The two methods to fight record-request delays, Smith said, are to file a lawsuit or a file a complaint with the Ohio Court of Claims. In records requested since July, neither the school board nor Chronicle has filed such complaints.
School Board president Tony Dimacchia said it is the board’s job to conduct due diligence on the school’s use of funds, hiring processes and other practices. He said the number of requests is in part because of Hardy and other administrators’ inexperience, and said he understands the delays are not explicitly Hill’s fault, as he is stuck “in the middle.”
“It clearly puts him in a compromising position when he reports to the Board of Education,” Dimacchia said. “He is our (the board’s) secretary to get us our information, but yet he can’t get that information until he goes to the CEO.”
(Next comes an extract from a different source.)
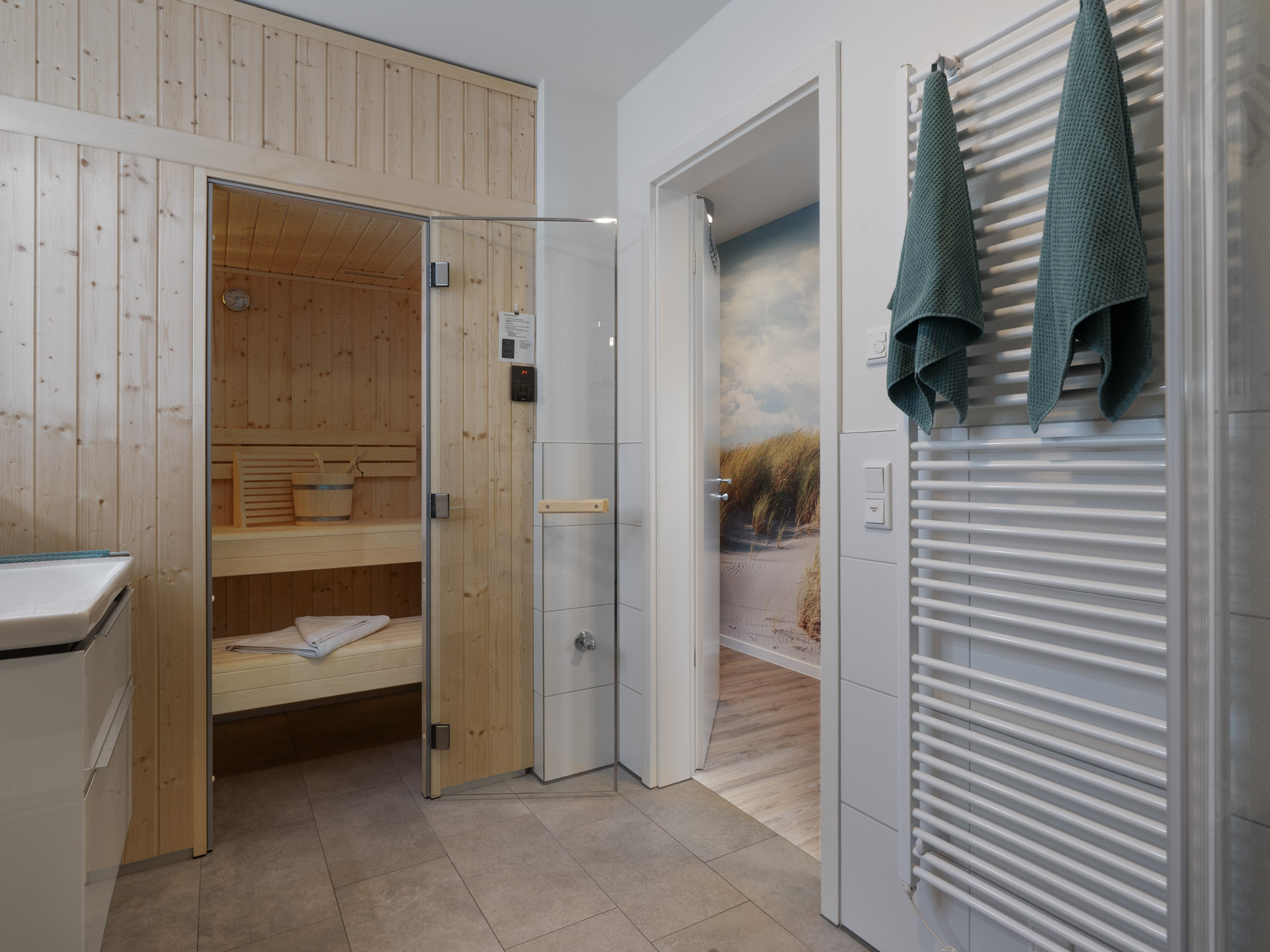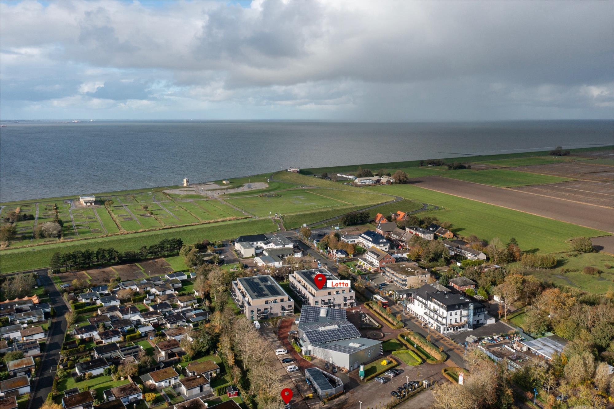 Die Penthouse-Ferienwohnung LOTTA an der Nordsee, mit eigener Sauna, ist mittendrin in Tossens. Von hier aus sind es nur wenige Schritte zum Friesenstrand. Hier steht während der Sommersaison (ca. Mai bis Mitte/Ende September) ein Strandkorb bereit.

Dimacchia is listed in the log under three requests since July, two showing fulfilled with one concerning “school violence” from Oct. 29 as pending — but the board has been in the habit of requesting information since last year. There have been contentions in whether the district has provided requested information since a records request Aug. 4, 2017, alleging the Academic Distress Commission had violated Sunshine laws when hiring CEO David Hardy.
Dimacchia and Hill exchanged emails, provided to The Chronicle-Telegram by Dimacchia, regarding the request, with clarifications and further questions sent to the district Aug. 10 and Sept. 18, 2017. He said the district has yet to fully fulfill those requests.
In a request from July 31, 2018, Dimacchia requested communications regarding Hardy’s attorney giving legal opinion on setting the board’s agenda. Hill responded that there are no public records to provide, as documents containing attorney-client privileged communications are withheld. Dimacchia contends the firm’s opinion was forwarded to a third party, excluding it from that privilege.
In that same email, Dimacchia also requested communications regarding the “firing, nonrenewal or release of all principals,” which was first filed April 5, 2018. When told the request was too vague and the records did not exist, Dimacchia threatened a motion with the public records court.
Hill responded, “That said, although not required, the District has attempted to locate the records which it believes you seek — a search that returned roughly 4,000 documents due to the vague search terms it was forced to use given that no principals were fired, non-renewed or released. To that end, you will be provided with documents responsive to what the District believes you are requesting regarding communications involving Turnaround Principals.”
When questioned, Hill said the district cannot provide information it does not have.
“If there’s not something to provide, I can’t provide it, he said. “… I provide whatever is available, but sometimes there’s nothing available.”
Dimacchia said these public records requests were not necessary before House Bill 70.
“A lot of stuff that we’re requesting, we want to know what’s going on,” he said. “We want to know how they’re making their decisions — how they come up with these people that they’re hiring, where they’re coming from. … We’re requesting that because we deserve to know. They’re spending our tax dollars on it; we need to know that stuff.”